Comment 13 Sam McLeod 2018-05-04 00:47:01 UTC
I've been having this exact same issue with oVirt 4.2 on CentOS 7 for the past 2-3 weeks and haven't been able to put my finger on it.

Comment 14 Edward Haas 2018-05-04 01:26:29 UTC
(In reply to John Boero from comment #12)

> I have 4x10GBE Teamed and attached as the only interface to management
> network, which is the default route.  The Ansible playbooks don't seem to
> care.  Anybody?
> 
> ~  brctl show
> bridge name     bridge id               STP enabled     interfaces
> ;vdsmdummy;             8000.000000000000       no
> ovirtmgmt               8000.001b21da472b       yes             team0

The original issue of this bug had to do with a failure to define ovirtmgmt network. supervdsm logs showed that after adding the bridge over the nic, connectivity to the host was lost (perhaps it got a different IP address from dhcp).
Attempting to create the bridge manually is not enough, as VDSM also persist network data and uses some of that information to report back to Engine.

Regarding the last attempt, unfortunately we still do not support team link aggregation.

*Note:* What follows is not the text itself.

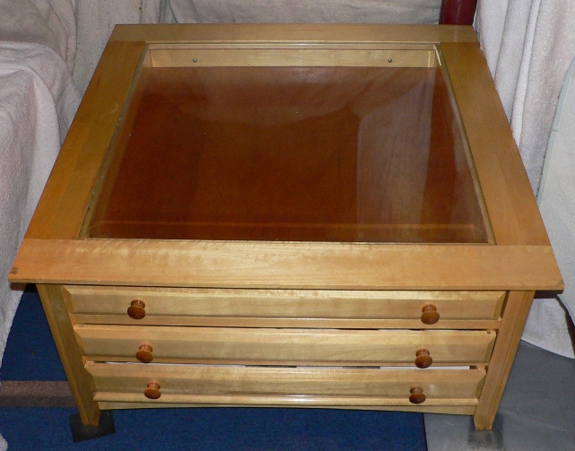 For Sale Square Hardwood Glass Top Curio / Chart Map Coffee Table With 3 Drawers

Only bond is supported.
We actually had no practical requirement to add support to it so far, I think all users needs have been answered by bonding.
Could you try this with bonds?

Comment 15 John Boero 2018-05-08 07:33:55 UTC
That's too bad.  Teams have much better 802.3ad performance capabilities and are finally supported by NetworkManager.  It feels like the more automation around oVirt installation, the less control over config.  If the core unit of ovirt is a bridge and a bridge can transparently support a team/bond, why does this matter?

Looking forward to teams being supported - actually looking forward to oVirt finally dumping archaic network config for NM.  I'll have to re-install with bonds for now but frustrating.

Thanks folks.

Comment 16 Yaniv Lavi 2018-08-08 08:10:16 UTC
We do not plan to support teams currently.
If we move to NM based networking, we will be able to reconsider this.